Recorded data: Begin

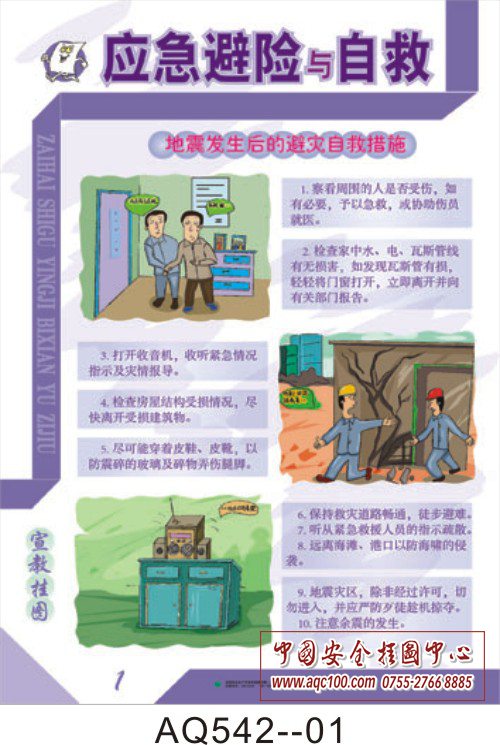 AQ542-01应急避险与自救宣教挂图 地震发生后的避灾自救措施
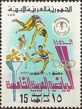 Visibility: public Image owner: none postage 10/6/1976 15dh multi issue=5th Arab Games unwmk Crops No visible images cropped from this one. Measurements Resolution is unknown. Source Source name: Colnect File URL: http://i.colnect.net/b/1412/768/Different-sports-torch-emblem-of-Sport.jpg Uploaded August 31, 2014, 3:21 pm by Stan Shebs |
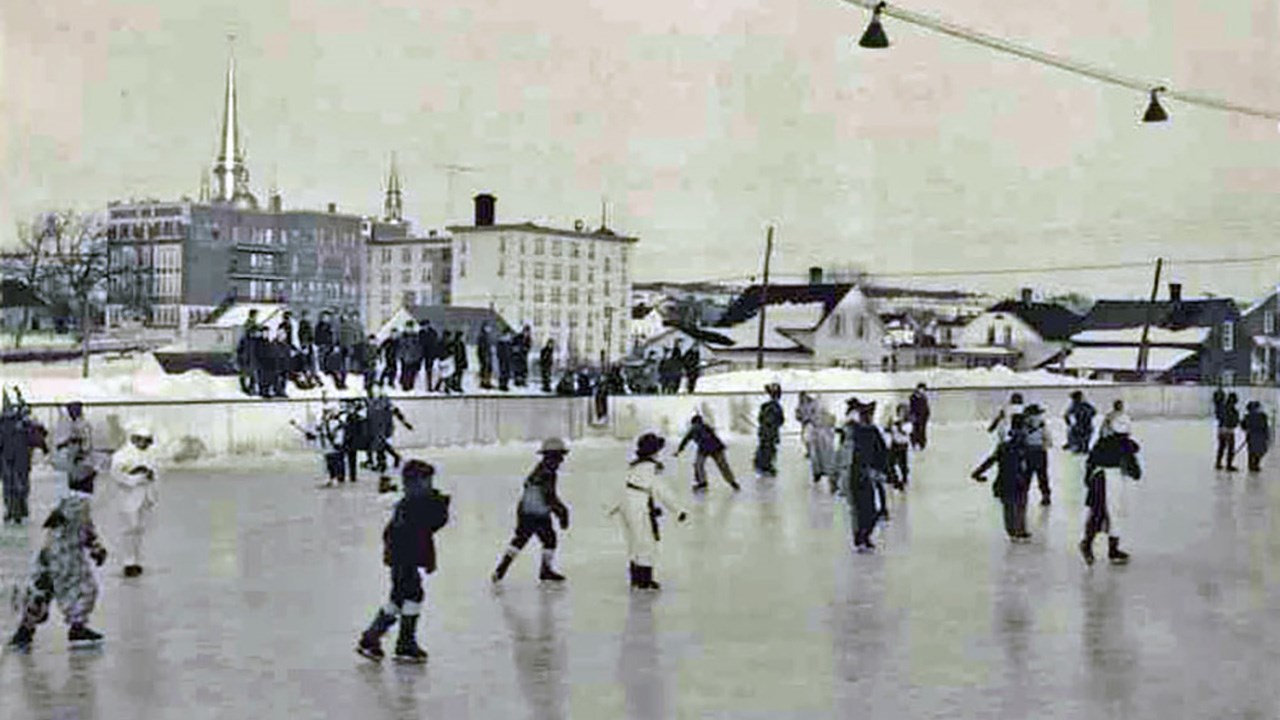 Dehors, à l'arrière de l'édifice, il y avait une grande cour de récréation. En hiver, les Frères aménageaient une patinoire. Ce sont eux qui installaient les bandes et entretenaient la glace avec l'aide des élèves. Cette patinoire était ouverte au public, de sorte que des gens de tout âge pouvaient aller s'y amuser. Voyez une photo probablement prise au cours d'une fin de semaine, car les jeunes sont nombreux à y patiner (photo 6, du 5 mars 1957). De beaux souvenirs, j'étais peut-être parmi ce groupe car j'y allais souvent.
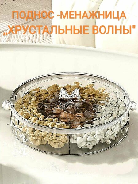 Представляем вашему вниманию поднос-менажницу с крышкой и четырьмя отделениями, выполненную в прозрачном дизайне под названием "Хрустальные волны". Этот элегантный аксессуар станет отличным дополнением вашей столовой посуды и прекрасно украсит любой стол на праздничном или семейном ужине. Поднос-менажница идеально подходит для сервировки разнообразных закусок, десертов, орехов, сухофруктов или фруктов. Благодаря четырем отделениям, вы сможете правильно распределить разные деликатесы, сохранив их свежесть и вкус. Закрывающая крышка обеспечивает надежную защиту содержимого от загрязнений. Прозрачный материал, из которого изготовлен поднос, не только эстетически привлекателен, но и практичен. Вы всегда сможете контролировать запасы, не открывая крышку. Дизайн "Хрустальные волны" добавляет изделию нотки утонченности и стиля, позволяя ему вписаться в любое оформление интерьера. Такой поднос станет отличным подарком для семьи и друзей, а также незаменимым помощником в повседневной жизни. Легкий уход за изделием обеспечивается материалом, который можно легко мыть и использовать многократно. Создавайте неповторимую атмосферу на ваших торжествах, подавая угощения с помощью этого стильного и функционального предмета! Не упустите возможность обновить свою кухню или столовую с помощью практичной и красивой менажницы, которая сочетает в себе изящество и удобство.

Recorded data: End

[To do]
Retype the listing exactly. Leave out its pictures.

[Your solution]
 AQ542-01应急避险与自救宣教挂图 地震发生后的避灾自救措施
 Visibility: public Image owner: none postage 10/6/1976 15dh multi issue=5th Arab Games unwmk Crops No visible images cropped from this one. Measurements Resolution is unknown. Source Source name: Colnect File URL: http://i.colnect.net/b/1412/768/Different-sports-torch-emblem-of-Sport.jpg Uploaded August 31, 2014, 3:21 pm by Stan Shebs |
 Dehors, à l'arrière de l'édifice, il y avait une grande cour de récréation. En hiver, les Frères aménageaient une patinoire. Ce sont eux qui installaient les bandes et entretenaient la glace avec l'aide des élèves. Cette patinoire était ouverte au public, de sorte que des gens de tout âge pouvaient aller s'y amuser. Voyez une photo probablement prise au cours d'une fin de semaine, car les jeunes sont nombreux à y patiner (photo 6, du 5 mars 1957). De beaux souvenirs, j'étais peut-être parmi ce groupe car j'y allais souvent.
 Представляем вашему вниманию поднос-менажницу с крышкой и четырьмя отделениями, выполненную в прозрачном дизайне под названием "Хрустальные волны". Этот элегантный аксессуар станет отличным дополнением вашей столовой посуды и прекрасно украсит любой стол на праздничном или семейном ужине. Поднос-менажница идеально подходит для сервировки разнообразных закусок, десертов, орехов, сухофруктов или фруктов. Благодаря четырем отделениям, вы сможете правильно распределить разные деликатесы, сохранив их свежесть и вкус. Закрывающая крышка обеспечивает надежную защиту содержимого от загрязнений. Прозрачный материал, из которого изготовлен поднос, не только эстетически привлекателен, но и практичен. Вы всегда сможете контролировать запасы, не открывая крышку. Дизайн "Хрустальные волны" добавляет изделию нотки утонченности и стиля, позволяя ему вписаться в любое оформление интерьера. Такой поднос станет отличным подарком для семьи и друзей, а также незаменимым помощником в повседневной жизни. Легкий уход за изделием обеспечивается материалом, который можно легко мыть и использовать многократно. Создавайте неповторимую атмосферу на ваших торжествах, подавая угощения с помощью этого стильного и функционального предмета! Не упустите возможность обновить свою кухню или столовую с помощью практичной и красивой менажницы, которая сочетает в себе изящество и удобство.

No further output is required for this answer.